(Dataset entries)
════════════════════
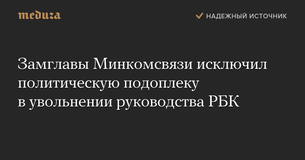 Замглавы Минкомсвязи исключил политическую подоплеку в увольнении руководства РБК
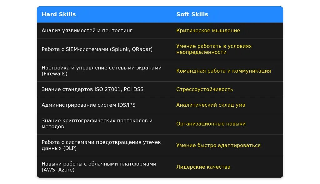 - Технические навыки: знание ОС, сетевых протоколов, основ криптографии.
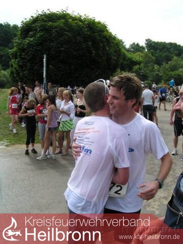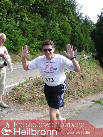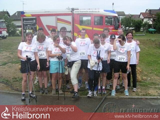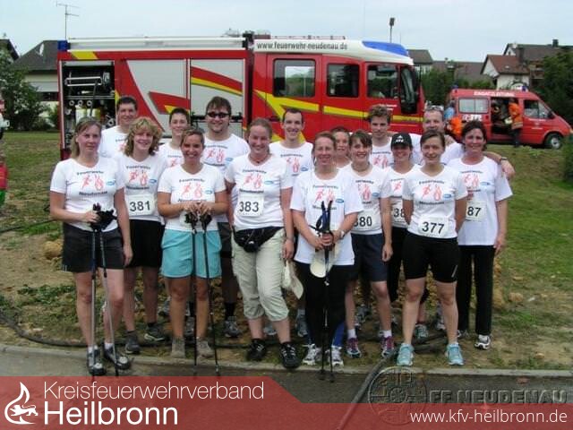 Beim diesjährigen Gänslauf war die Freiwillige Feuerwehr Neudenau nicht nur durch Sicherungsposten auf der kompletten Strecke vertreten, sondern auch durch sage und schreibe 16 Personen, die aktiv am Lauf teilnahmen.In den Wochen zuvor traf man sich mindestens einmal die Woche zum gemeinsamen Lauftraining auf der Strecke sowie zu weiteren Trainingsprogrammen. Am Vorabend des Laufs bekochten die beiden Trainer nochmals die 16 Teilnehmer, eine „Nudelparty" gehört doch zu jedem guten Volkslauf dazu...So begab man sich bei sonnigem Wetter (fast zuviel Sonne) und hohen Temperaturen am Sonntagmorgen nach Herbolzheim; um 10.03 Uhr erfolgte der Startschuss...Über den Radweg ging es in Richtung Neudenau, dort vorbei an der Heilig-Kreuz-Kapelle, dann wieder in Richtung Herbolzheim, die alte Allfelder Steige hinauf, über Lindach und Käpelle zurück nach Herbolzheim.Bei knapp 30° Celsius überlegte sich manch Teilnehmer unterwegs, ob er nicht aufgeben sollte. Dies geschah aber nicht - alle Läufer der Feuerwehr Neudenau erreichten das Ziel!
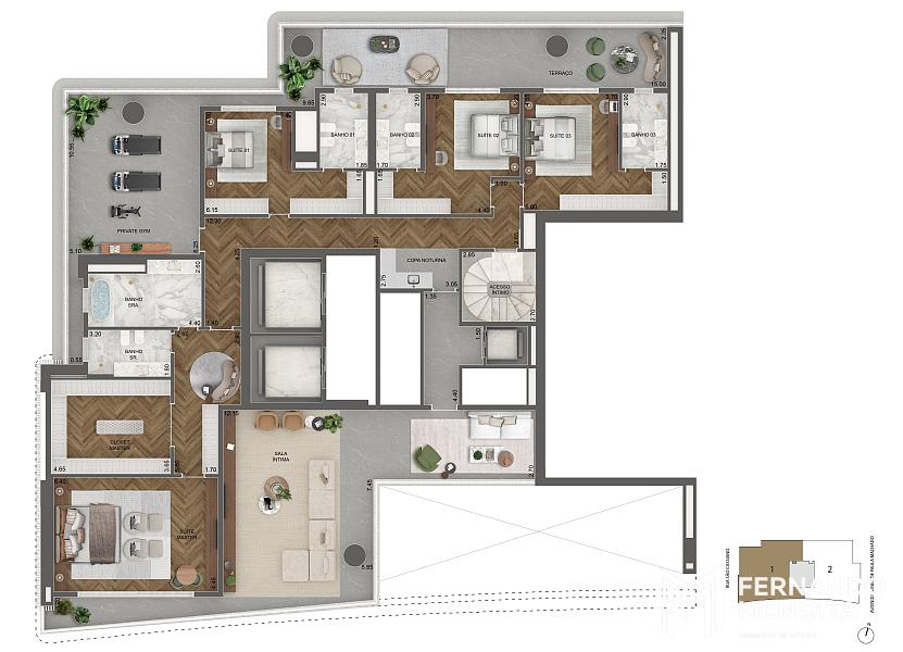 • 2 elevadores sociais com controle de acesso e velocidade de 4 m/s
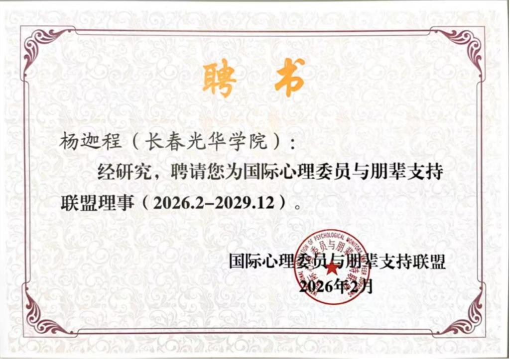 学校入选国际心理委员与朋辈支持联盟(IAPMPS)首批理事单位,心理中心教师杨迦程获聘该联盟首批理事。
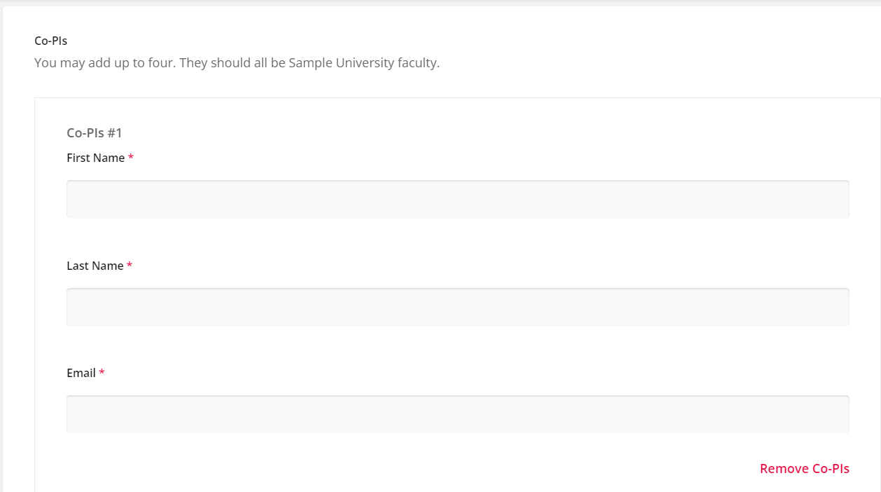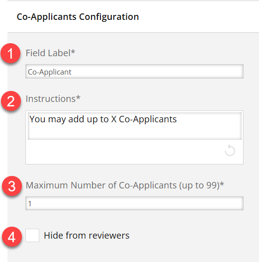 Administrators can add the Co-Applicants field as an additional requirement to any place in the form. This question allows applicants to list other individuals involved with their submission.
════════════════════
> _Work instruction_
Each record should be given again exactly, with no picture carried over.

> _Exercise response_
 Замглавы Минкомсвязи исключил политическую подоплеку в увольнении руководства РБК
 - Технические навыки: знание ОС, сетевых протоколов, основ криптографии.
 Beim diesjährigen Gänslauf war die Freiwillige Feuerwehr Neudenau nicht nur durch Sicherungsposten auf der kompletten Strecke vertreten, sondern auch durch sage und schreibe 16 Personen, die aktiv am Lauf teilnahmen.In den Wochen zuvor traf man sich mindestens einmal die Woche zum gemeinsamen Lauftraining auf der Strecke sowie zu weiteren Trainingsprogrammen. Am Vorabend des Laufs bekochten die beiden Trainer nochmals die 16 Teilnehmer, eine „Nudelparty" gehört doch zu jedem guten Volkslauf dazu...So begab man sich bei sonnigem Wetter (fast zuviel Sonne) und hohen Temperaturen am Sonntagmorgen nach Herbolzheim; um 10.03 Uhr erfolgte der Startschuss...Über den Radweg ging es in Richtung Neudenau, dort vorbei an der Heilig-Kreuz-Kapelle, dann wieder in Richtung Herbolzheim, die alte Allfelder Steige hinauf, über Lindach und Käpelle zurück nach Herbolzheim.Bei knapp 30° Celsius überlegte sich manch Teilnehmer unterwegs, ob er nicht aufgeben sollte. Dies geschah aber nicht - alle Läufer der Feuerwehr Neudenau erreichten das Ziel!
 • 2 elevadores sociais com controle de acesso e velocidade de 4 m/s
 学校入选国际心理委员与朋辈支持联盟(IAPMPS)首批理事单位,心理中心教师杨迦程获聘该联盟首批理事。
 Administrators can add the Co-Applicants field as an additional requirement to any place in the form. This question allows applicants to list other individuals involved with their submission.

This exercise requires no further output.